Download or read book Applications of Computational Intelligence in Concrete Technology written by Sakshi Gupta and published by CRC Press. This book was released on 2022-06-23 with total page 321 pages. Available in PDF, EPUB and Kindle. Book excerpt: Computational intelligence (CI) in concrete technology has not yet been fully explored worldwide because of some limitations in data sets. This book discusses the selection and separation of data sets, performance evaluation parameters for different types of concrete and related materials, and sensitivity analysis related to various CI techniques. Fundamental concepts and essential analysis for CI techniques such as artificial neural network, fuzzy system, support vector machine, and how they work together for resolving real-life problems, are explained. Features: It is the first book on this fast-growing research field.
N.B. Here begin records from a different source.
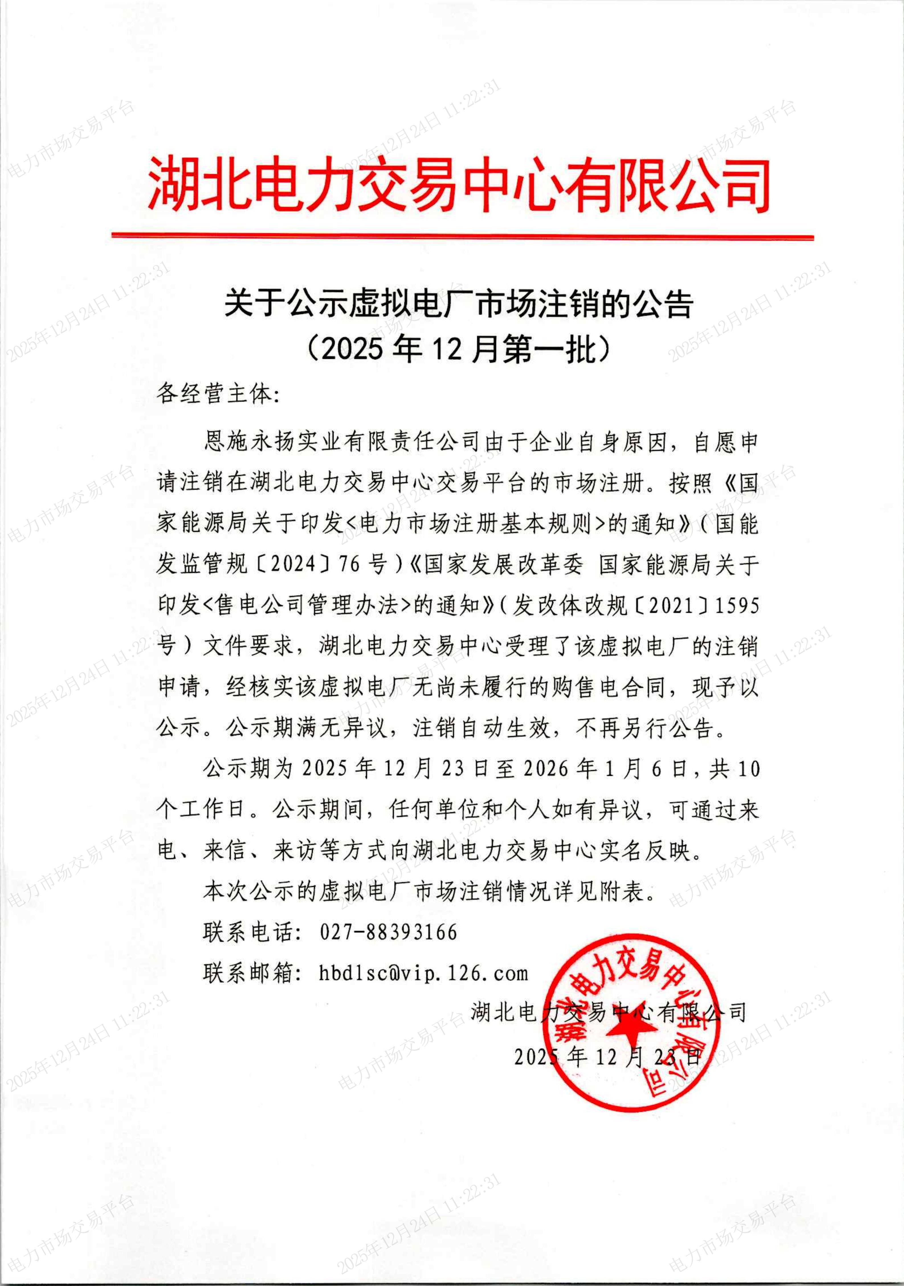 北极星电力市场网获悉,湖北电力交易中心公示虚拟电厂市场注销的公告(2025年12月第一批),恩施永扬实业有限责任公司由于企业自身原因,自愿申请注销在湖北电力交易中心交易平台的市场注册。湖北电力交易中心受理了该虚拟电厂的注销申请,经核实该虚拟...
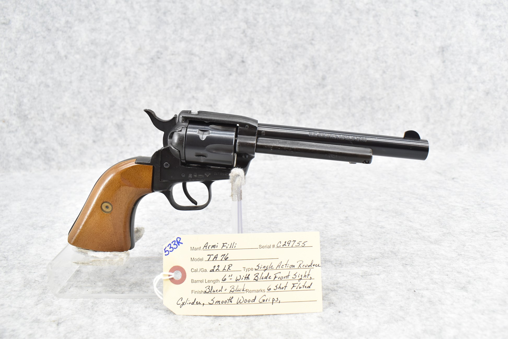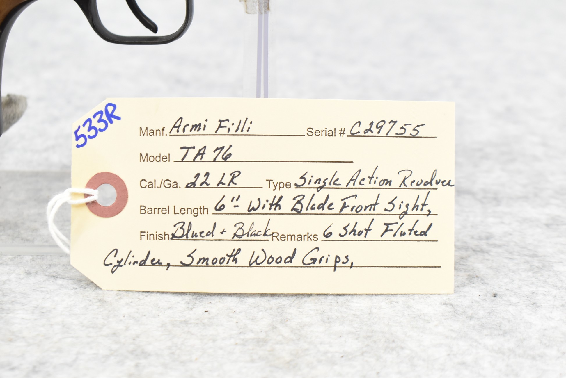 533R. Armi Filli – Mod. TA 76 – 22LR Cal. Single Action Revolver – w/6” Barrel w/Blade Front Sight – Blued Finish – w/6-Shot Fluted Cylinder – w/Smooth Wood Grips
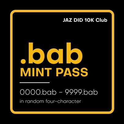 Binance Account Bound (BAB) — это токен, привязанный к душе, для пользователей Binance, прошедших проверку подлинности с настоящим именем. Владельцы $BAB могут получить Mint Pass с номерами от 1000 до 9999. Все 10 000 четырехсимвольных .bab будут сгенерированы случайным образом.
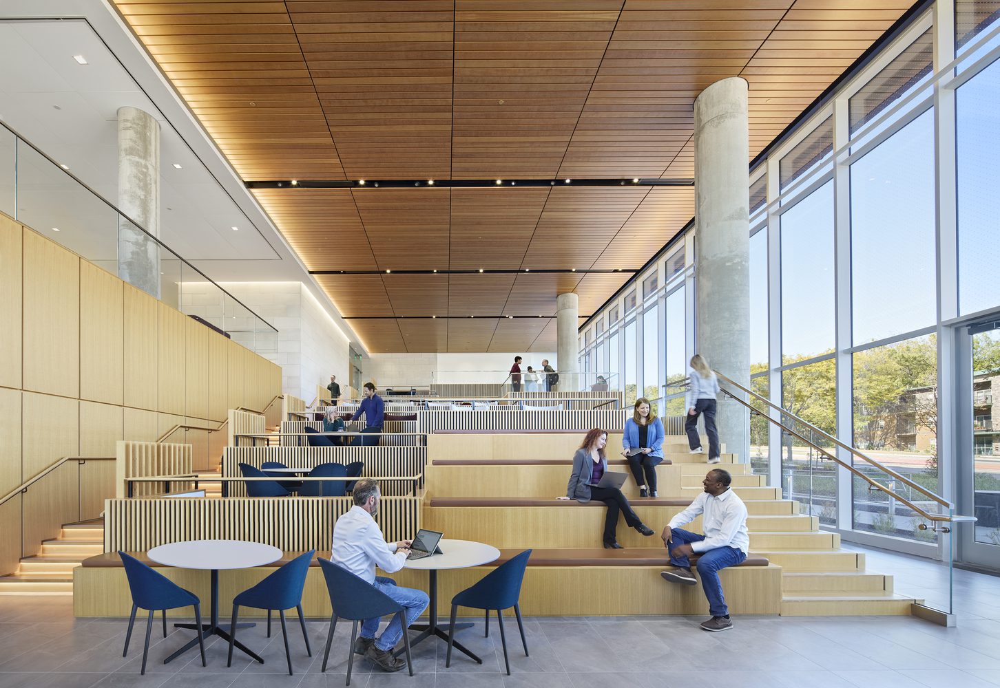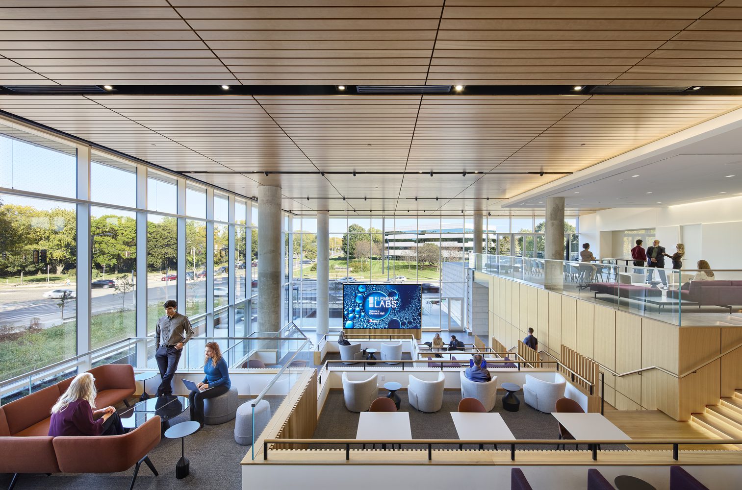 The ground floor provides amenity spaces for lifescience tenants and the community alike, with a variety of informal gathering areas and Element Hall, a community space with stadium seating, warm wood finishes, advanced AV, and meticulously engineered acoustics for formal presentations, casual meetings, movie nights, or hanging out. The dramatic space connects to large exterior patios and ponds with two-story glazing. Extending to the east, the terrace connects to the district streetscape, creating overlooks and views of the dynamic changing landscape. Materials, products, and design respond to Element Lab’s natural setting and the commitment to sustainable design.

It discusses the use of various computation intelligence techniques in concrete technology applications. It explains the effectiveness of the methods used and the wide range of available techniques. It integrates a wide range of disciplines from civil engineering, construction technology, and concrete technology to computation intelligence, soft computing, data science, computer science, and so on. It brings together the experiences of contributors from around the world who are doing research in this field and explores the different aspects of their research. The technical content included is beneficial for researchers as well as practicing engineers in the concrete and construction industry.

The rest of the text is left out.